A thermocouple consists of two wires of dissimilar metals welded together into a junction. At the other end of the signal wires, usually as part of the input instrument, is another junction called the reference junction. Heating the sensing junction generates a thermoelectric potential (emf) proportional to the temperature difference between the two junctions. This millivolt-level emf, when compensated for the known temperature of the reference junction, indicates the temperature at the sensing tip. Published millivolt tables assume the reference junction is at 0 degrees Celsius.
Thermocouples are simple and familiar. Designing them into systems, however, is complicated by the need for special extension wires and reference junction compensation.
Thermocouple advantages include:
- Extremely high temperature capability: Thermocouples with a noble metal junction may be rated as high as 1700°C (3100°F).
- Ruggedness: The inherent simplicity of thermocouples makes them resistant to shock and vibration.
- Small size/fast response: A fine-wire thermocouple junction takes up little space and has low mass, making it suitable for point sensing and fast response.

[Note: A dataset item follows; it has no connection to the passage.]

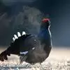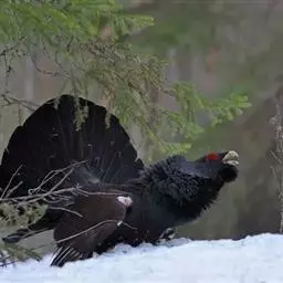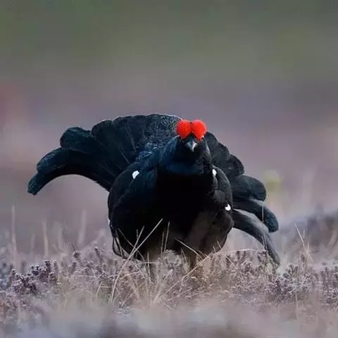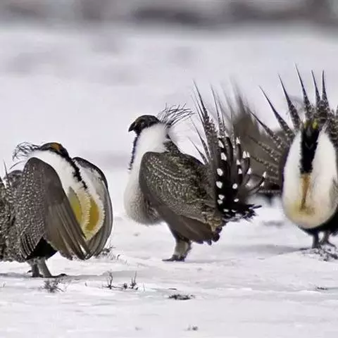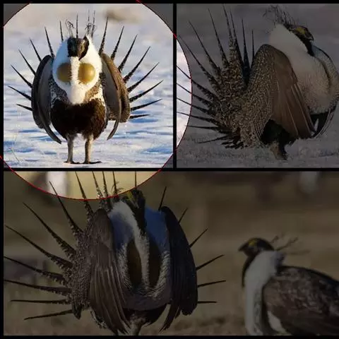 在繁殖季节会举行多姿多采、美仑美奂的炫耀表演。炫耀表演往往在“比舞场”或“竞技场”上进行,由许多只雄鸟一起参加,称为“比舞”表演。各种炫耀方式中,它们先上下扇动有尖头的尾巴,再鼓起胸前两块黄色气囊,把头后昂在颈向前振起双翼羽中,形成一种奇形怪状的姿态。雄松鸡配合着自己羽毛摩擦发出的声响,还有从黄气囊吹出来的布布音调,对着雌松鸡翩翩起舞。

Thermistors are resistive devices usually made of metal oxides formed into a bead and encapsulated in epoxy or glass. Thermistors show a large negative temperature coefficient. Their resistance drops dramatically and non-linearly with a temperature increase. A thermistor’s sensitivity is many times that of an RTD, but its useful temperature range is limited. Because of wide variations of performance and cost among thermistors, generalized advantages and disadvantages may not always apply.
Typical benefits are:
- Lower Sensor Cost: Basic thermistors are less costly than RTDs and thermocouples, but when assembled in protective sheaths or wells the price difference narrows. Thermistors with tighter interchangeability or extended temperature ranges often cost more than RTDs.
- High Sensitivity: Resistance may be several thousand ohms, which provides a larger output than RTDs with the same measuring current, offsetting lead wire resistance problems. Caution must be taken to limit measuring current because thermistors are more susceptible to self-heating than are RTDs.
- Point Sensing: A thermistor bead may be the size of a pinhead, allowing for small area sensing.